Additional Firewall Rules

iptables -A INPUT -i lo -j ACCEPT
iptables -A INPUT -m state --state ESTABLISHED,RELATED -j ACCEPT
iptables -A INPUT -p icmp --icmp-type echo-request -j ACCEPT
iptables -P INPUT DROP
iptables -P FORWARD DROP
iptables -P OUTPUT ACCEPT

Setup Azure Speech Service

Create a Microsoft Azure Account.
Create an Azure Speech resource.
Create a billing account to use with the speech resource.
Note the Subscription Key, Region, and API Endpoint for this resource.
For the following APIs, use Authentication type API Key, with the Key name set to Ocp-Apim-Subscription-Key , Value set to the Subscription Key above, and the key added to the request headers.
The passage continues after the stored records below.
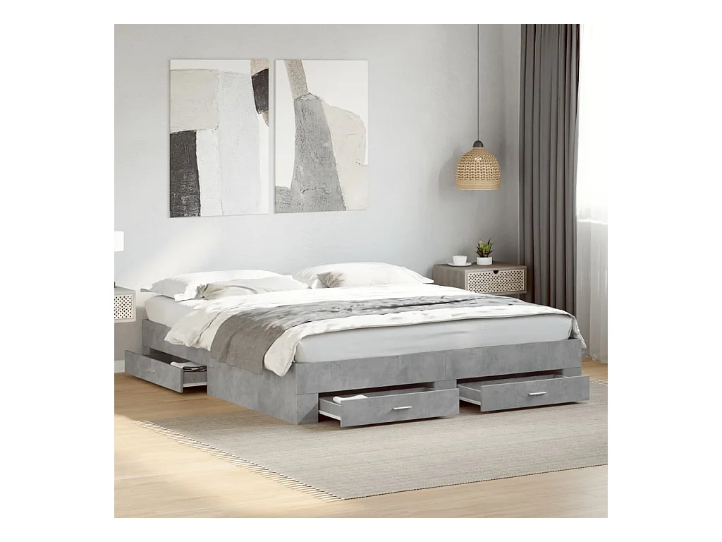 Bedframe met lades zonder matras betongrijs 200x200 cm
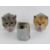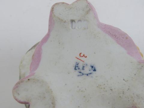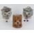 Three continental soft paste porcelain garden Fairy Lights (2+1) 2 formed as three sided , owl , kitten and puppy open top glass eyed table light holders and the single formed as a Yorkshire Terrier puppy with glass eyes , the tallest 3 3/4” ( 9.5 cm).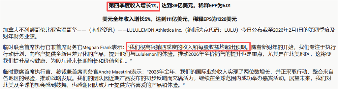 今天凌晨,Lululemon公布了最新财年业绩。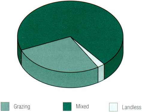 Low productivity and poor feed quality are characteristic for most of the land-based production systems in arid regions, and to an even greater degree in the humid tropics and sub-tropics, where emissions per unit of product are therefore comparatively high. Grazing and mixed systems in the tropics and subtropics are thus the main contributors to high methane emission levels. Generally, temperate and highland zones have the best quality grazing and other forage resources for ruminants, and therefore lower emission levels. In irrigated areas, fodder is usually of better quality resulting in lower emissions. Annually, livestock produce a total of 86.6 million tons methane of which more than 80 percent (74.5 million tons) comes from digestive fermentation.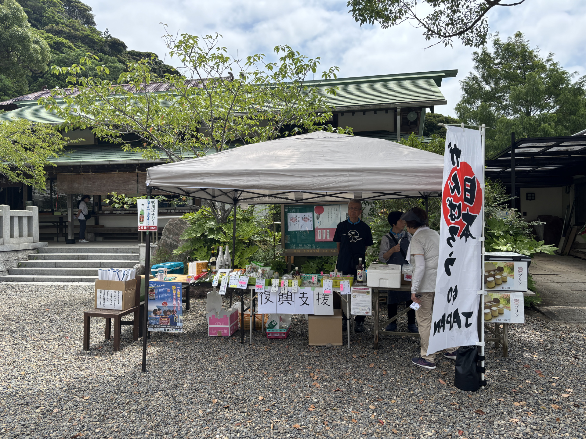 [写真:復興支援ブース。積み重ね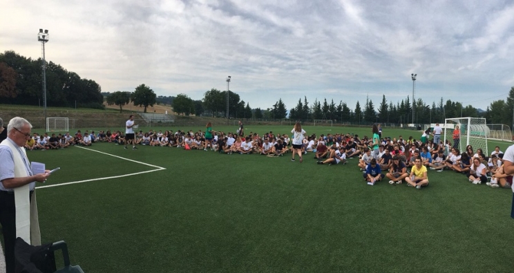 Oltre 300 giovani hanno dato il via da Camerino a “Marche in Cammino", pellegrinaggio sulla strada verso Casa lungo la Via Lauretana. Organizzato dalle diocesi del Sud delle Marche in preparazione al Sinodo dei Giovani, che si svolgerà a Roma l’11 e il 12 agosto prossimi, tappa dopo tappa, il cammino incontrerà le comunità colpite dal sisma, facendo sosta nei luoghi significativi di spiritualità fino a raggiungere Loreto nella giornata di venerdì 10 agosto. Zaino in spalla e tenaci motivazioni in cuore, fin dal pomeriggio di sabato, un fiume di ragazzi, ha raggiunto gli impianti sportivi della loc. Le Calvie. Ad accoglierli i vescovi di Camerino e Macerata Francesco Brugnaro e Nazareno Marconi, insieme a religiosi e rappresentanti delle aggregazioni di pastorale giovanile delle diocesi camerte settempedana e maceratese, delle amministrazioni locali e dell’università;, il vespro e il momento di preghiera presso lo Stadio Livio Luzi hanno introdotto ai successivi momenti conviviale e di condivisione, caratterizzati da interventi e testimonianze.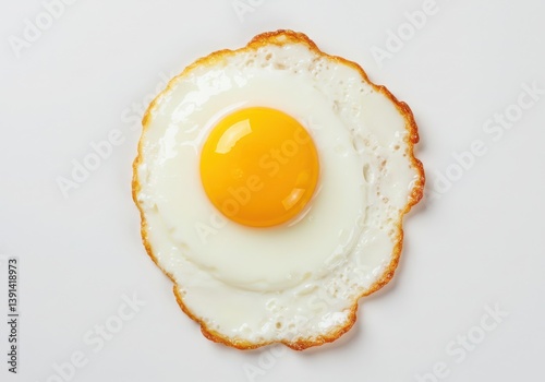 A single fried egg with a bright yellow yolk on a white background with a crispy edge detail shot
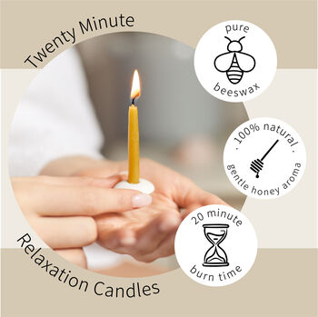 The perfect way to show you care.Twelve pure beeswax twenty minute relaxation candles and ceramic holder. Presented in a beautiful gift box.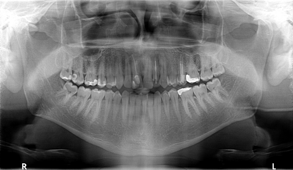 Przykład ekstruzji ortodontycznej za pomocą płytki termoformowalnej i zameczka ortodontycznego: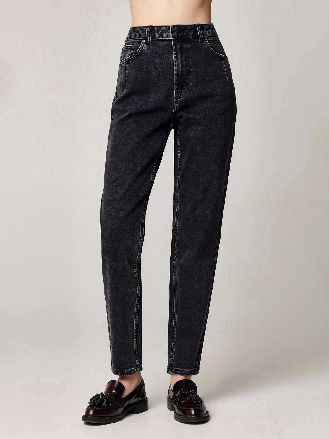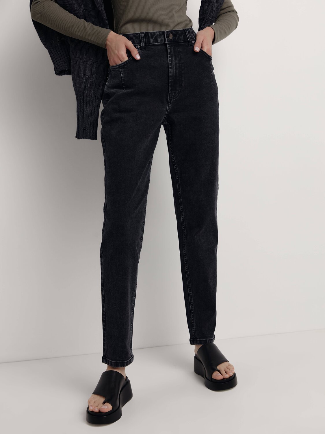 Джинсы mom с высокой посадкой подойдут девушкам с разными типами фигуры: благодаря высокой посадке, акцентным выточкам по карманам, прилегающему крою в области бедер и слегка зауженным штанинам модель визуально моделирует силуэт.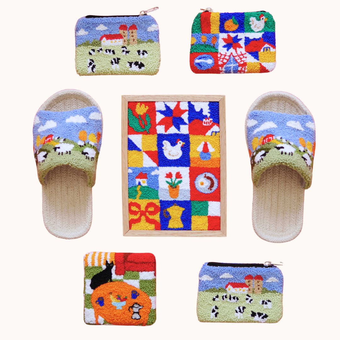 Hand sculpted lamps, punch needle wares, coasters, and more.
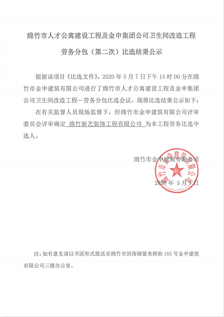 人才公寓金申衛(wèi)生間改造工程勞務(wù)分包(第二次)比選結(jié)果公示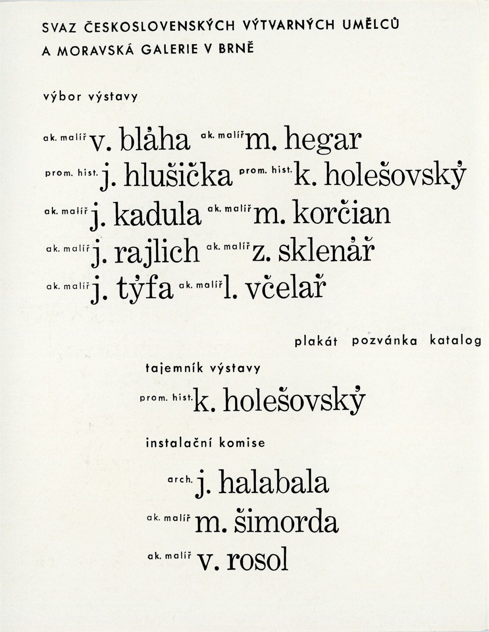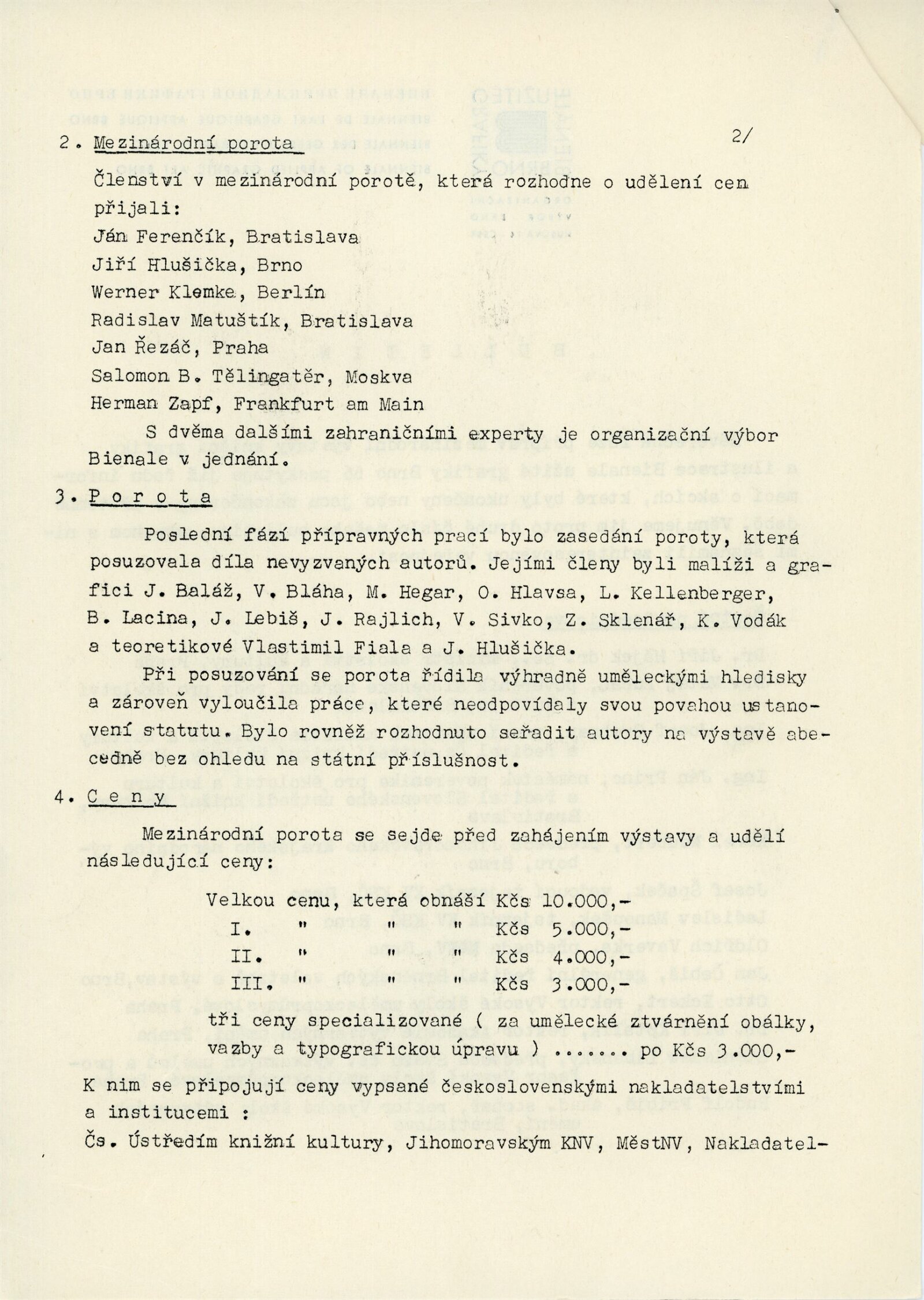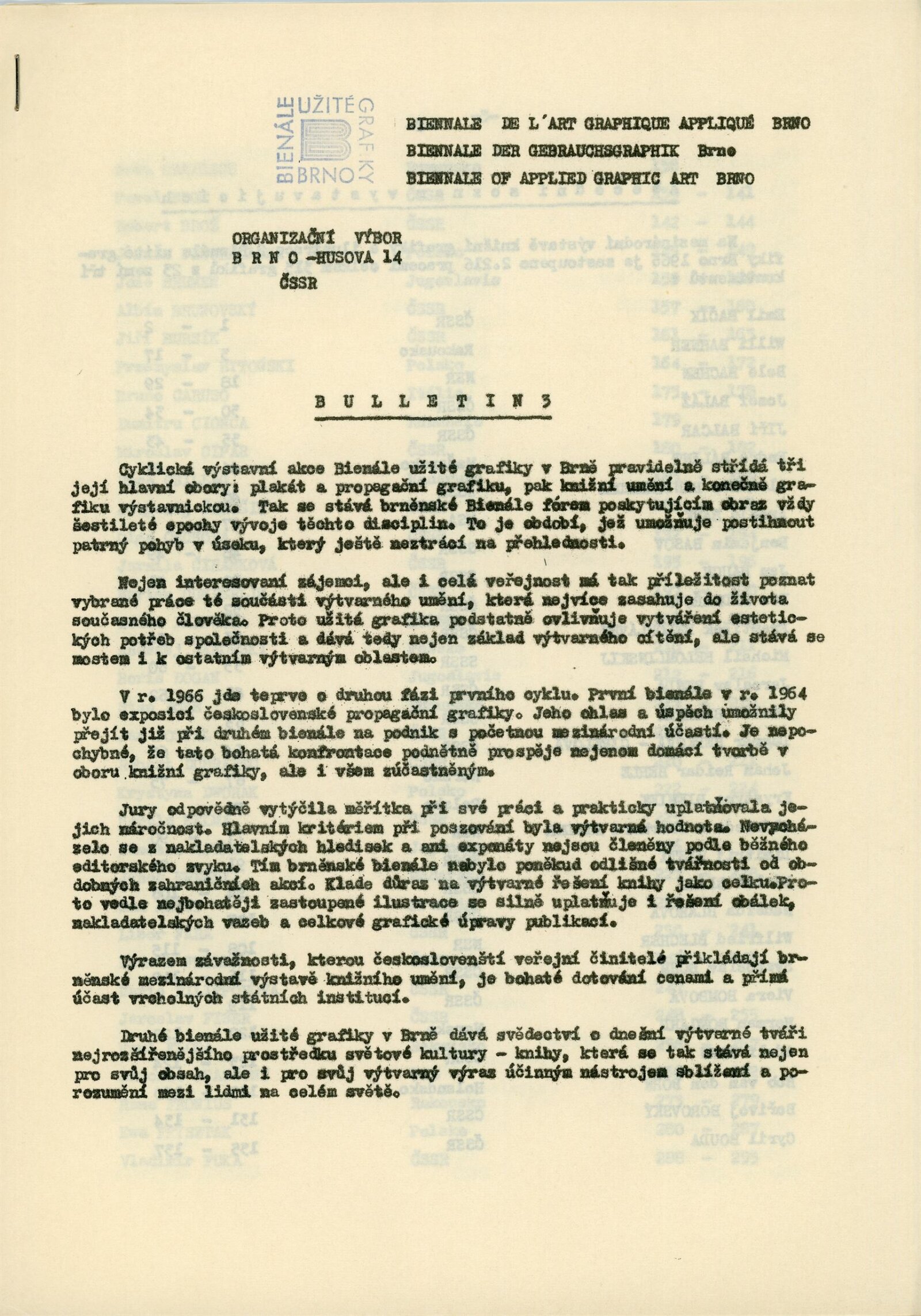 pozvánka, katalog, plakát, bulletin, zápisy ze schůzí přípravného výboru, provozní korespondence, recenze v tisku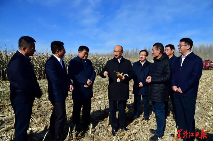 秋天的田野一派豐收景象。向陽鄉(xiāng)日新村秋收現(xiàn)場機械轟鳴,許勤健步走在剛剛收獲的地塊上,手拿玉米棒與農技人員細算增產(chǎn)增收賬,詳細了解品種、產(chǎn)量、成熟度、收獲進度等情況。他強調,今年又是一個豐收年,要抓住晴好天氣搶收,力爭10月25日之前完成收獲任務。要深化農業(yè)供給側結構性改革,調優(yōu)農業(yè)種植結構,引進培育高產(chǎn)量、高質量、高營養(yǎng)成分的新品種,發(fā)揮寒地、黑土優(yōu)勢,打造綠色有機、非轉基因、富硒等龍江特色農業(yè)品牌,發(fā)展科技農業(yè)、綠色農業(yè)、質量農業(yè)、品牌農業(yè),提高農業(yè)比較效益,促進持續(xù)穩(wěn)定增收。停在地頭的國產(chǎn)大型農業(yè)機械引起了許勤的濃厚興趣,他說,我省是裝備制造業(yè)基地,也是農業(yè)大省,發(fā)展農機裝備制造業(yè)大有可為,要加強研究謀劃,做好這篇大文章。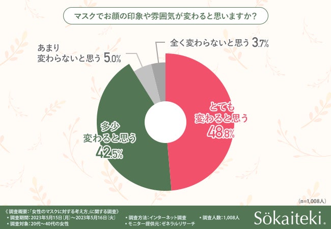 「マスクでお顔の印象や雰囲気が変わると思いますか?」と質問したところ、『とても変わると思う(48.8%)』『多少変わると思う(42.5%)』『あまり変わらないと思う(5.0%)』『全く変わらないと思う(3.7%)』という回答結果になりました。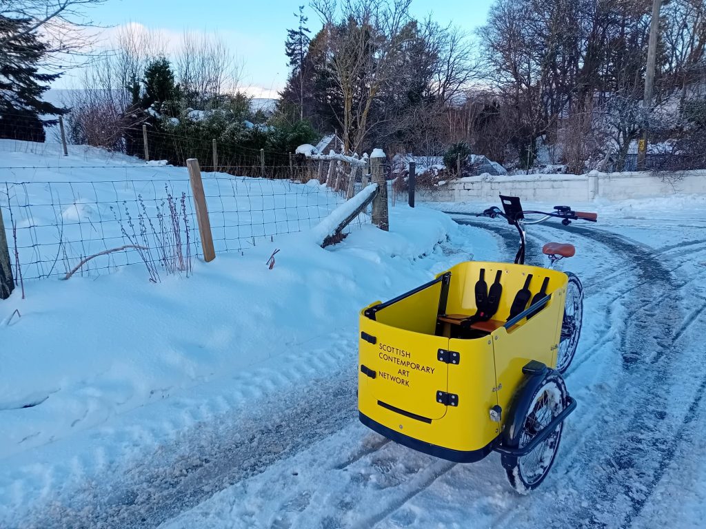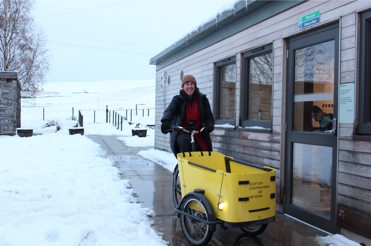 It has been 18 months since Scottish Contemporary Art Network (SCAN) provided us with one of their e-cargo bikes, giving our staff team, artists, and local community an easy, emission-free way to travel and transport items around the village.

Obtain a list of models with the endpoint using the following API:
- GET <endpoint>/speechtotext/v3.2/models/base
Choose a model with properties.deprecationDates.transcriptionDateTime having a date not yet reached.
The language code for each model is specified in locale field.
The properties.features.supportsTranscriptions field must be True.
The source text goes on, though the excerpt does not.